Falò di Sant’ Antonio

Riti e tradizioni locali nella Terra dei Messapi

Ogni anno il 17 gennaio in molti comuni si festeggia la festa di Sant’Antonio Abate con il tradizionale falò (“focara”), come a Novoli dove il Gal Terra dei Messapi e il progetto di cooperazione internazionale LEADERMED hanno rappresentato le emergene enogastronomiche locali grazie al progetto di Cooperazione LEADERMED.
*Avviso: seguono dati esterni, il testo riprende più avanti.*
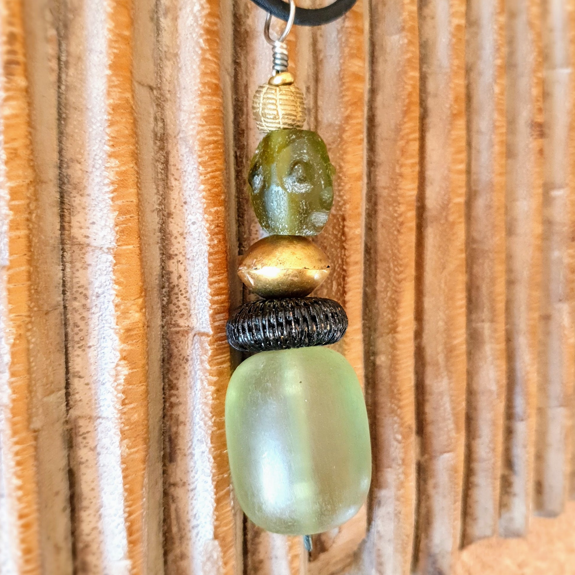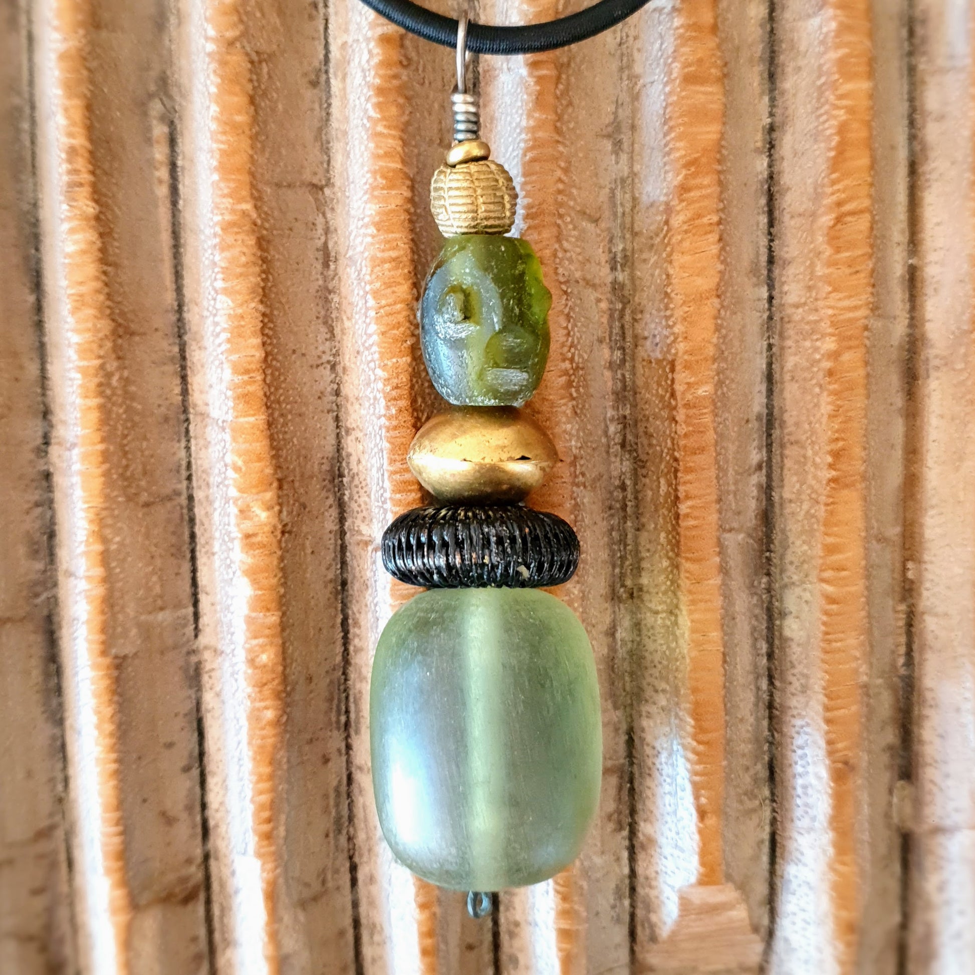Handmade necklace pendant with olive green glass and resin, cursed rattan basket and Tuareg bronze bead on silver wire by ambra Schmuck.

Una leggenda racconta che l’Abate si recò all’ inferno per contendere l’anima di alcuni morti al diavolo e mentre il suo maialino creava scompiglio fra i demoni lui accese con il fuoco infernale il suo bastone e lo portò fuore insieme all’ animaletto recuperato,  donandolie entrambi all’ umanità in espiazione dei peccati.  Proprio per questo si usa quindi accedere nel giorno dei festeggiamenti i così detti falò, che  hanno simbolicamente una funzione purificatrice, attraverso le fiamme e le ceneri. Anche nei comuni del Gal Terra dei Messapi ogni anno, in onore del Santo del fuoco, vengono organizzati piccoli eventi ricchi di folklore e religiosità popolare, e non manca l’accensione del falò, occasione per unire la comunità.
Ad asempio sabato 17 gennaio a San Pancrazio Salentino presso il Santuario di Sant’Antonio alla Macchia è prevista l’accensione del falò accompagnato da momenti enogastromici  grazie alla “Sagra della bruschetta” e domenica 18 si terrà la benedizione degli animali.